Confidence Interval:  (0.054716553993800515, 0.074236218080121458)  with margin of error = 0.009760


((0.054716553993800515, 0.074236218080121458), 0.0097598320431604678)

In [27]:
conf_int_cat(p_w,n_w,0.05) #Confidence iterval for probability of whites to be picked for interview

Confidence Interval:  (0.084774839134489383, 0.10824364135832376)  with margin of error = 0.011734


((0.084774839134489383, 0.10824364135832376), 0.011734401111917184)

In [28]:
#2 sample t-test for evaluating if both blacks and whites have equal probability of being called for interview.
st.ttest_ind_from_stats(p_b,sd_b,n_b, p_w, sd_w, n_w, equal_var=False)

Ttest_indResult(statistic=-4.1155504357300003, pvalue=3.928572390043594e-05)

*From Above results: p-value < 0.05, we can reject Null-Hypothesis and conlude that interview calls are biased by race of the applicant.*

In [31]:
#We can also conduct this analysis using a simple and straight chi-squared test.
#Contigency Table
cont_table = np.array([[n_bcald,n_wcald],[n_b-n_bcald,n_w-n_wcald]])
cont_table

array([[  157.,   235.],
       [ 2278.,  2200.]])

In [32]:
st.chi2_contingency(cont_table)

(16.449028584189371, 4.9975783899632552e-05, 1, array([[  196.,   196.],
        [ 2239.,  2239.]]))

*From Above results: p-value(0.0000499) < 0.05, we can reject Null-Hypothesis and conlude that interview calls are biased by race of the applicant.*

**4.Write a story describing the statistical significance in the context or the original problem.**


**Assuming Null Hypothesis is true:** We would expect 196-blacks and 196-whites are called for the interview.

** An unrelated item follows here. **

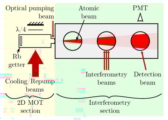 The design of our atom source resulted in a beam of atoms with fairly high divergence traveling along the central axis of the science chamber (or interferometry section), as depicted in Figure 1. The specifics and consequences of this design have been discussed in detail in our previous work [27,28] and in the next section, we only briefly discuss the salient points.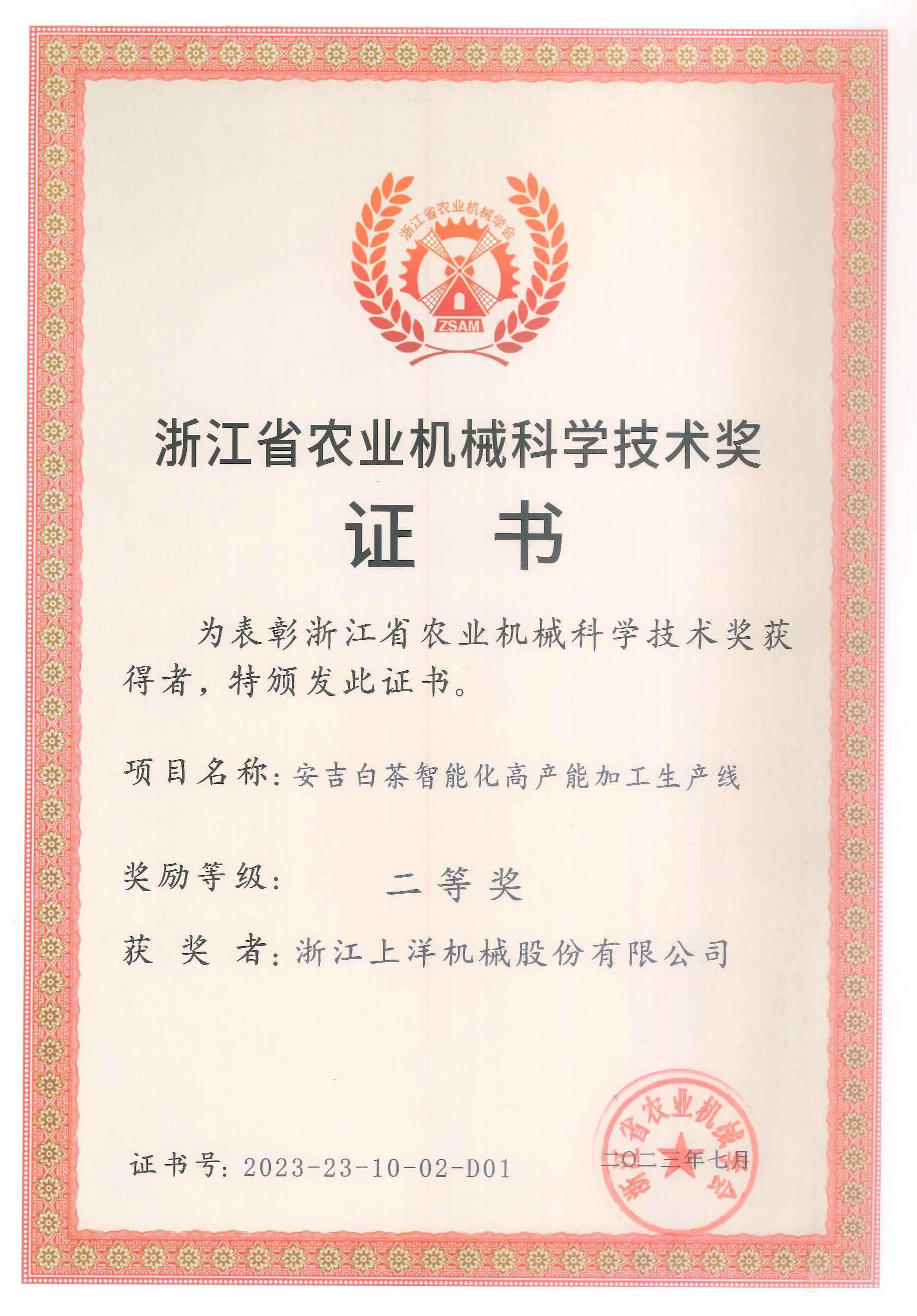 2023年浙江省農(nóng)業(yè)機(jī)械科學(xué)技術(shù)獎(jiǎng)二等獎(jiǎng)

**p-value from Chis-squared test:** p=0.000049 is much less than 0.05. And observred values differ significantly from expected values.  This implies that there is a statistical significance for Racial discrimination in job-selection process.



**5.Does your analysis mean that race/name is the most important factor in callback success? Why or why not? If not, how would you amend your analysis?**

*As per analysis, there is a statistical significance for racial descrimination in job-selection process.
However, It does not mean racial bias is the only key attribute that contributes to interview calls.*

Further, analysing other data-elements in the "data" will unviel the true contributors to interview-calls.